Instructions for the task
What is needed is a word-for-word copy of the lines below from the one with "Los resultados de" through the one with "in the middle.", both included, with every picture left out.

Supplied material
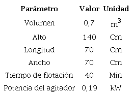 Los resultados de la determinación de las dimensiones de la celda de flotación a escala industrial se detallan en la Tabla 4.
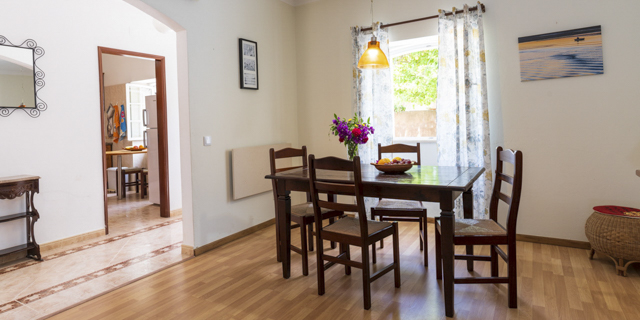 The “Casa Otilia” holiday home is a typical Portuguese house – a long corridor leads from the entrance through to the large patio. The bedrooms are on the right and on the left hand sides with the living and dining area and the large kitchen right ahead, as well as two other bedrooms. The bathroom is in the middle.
* * *
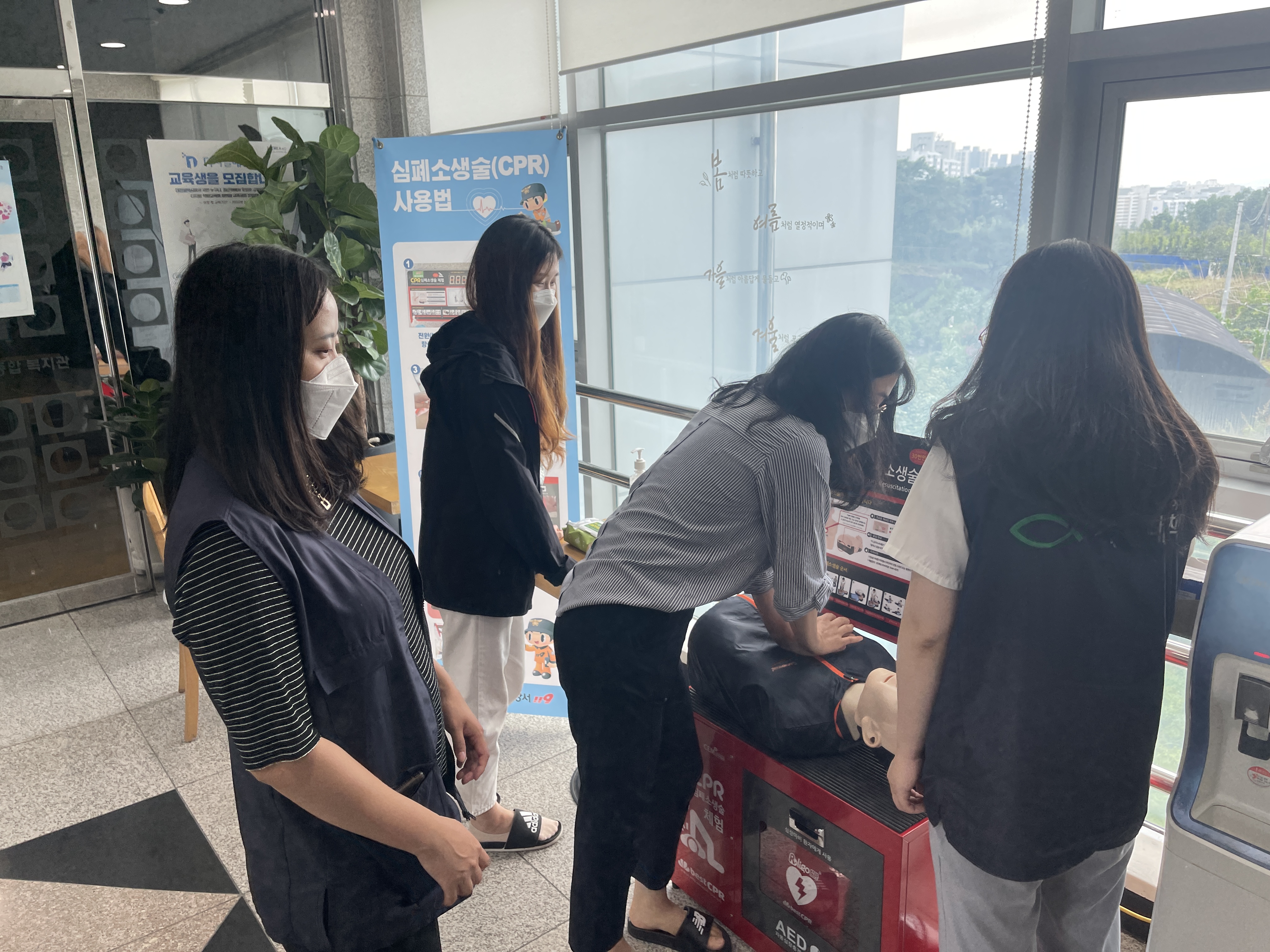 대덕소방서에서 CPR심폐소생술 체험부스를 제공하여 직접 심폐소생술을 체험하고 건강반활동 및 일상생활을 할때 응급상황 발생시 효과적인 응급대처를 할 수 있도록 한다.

Exercise response
 Los resultados de la determinación de las dimensiones de la celda de flotación a escala industrial se detallan en la Tabla 4.
 The “Casa Otilia” holiday home is a typical Portuguese house – a long corridor leads from the entrance through to the large patio. The bedrooms are on the right and on the left hand sides with the living and dining area and the large kitchen right ahead, as well as two other bedrooms. The bathroom is in the middle.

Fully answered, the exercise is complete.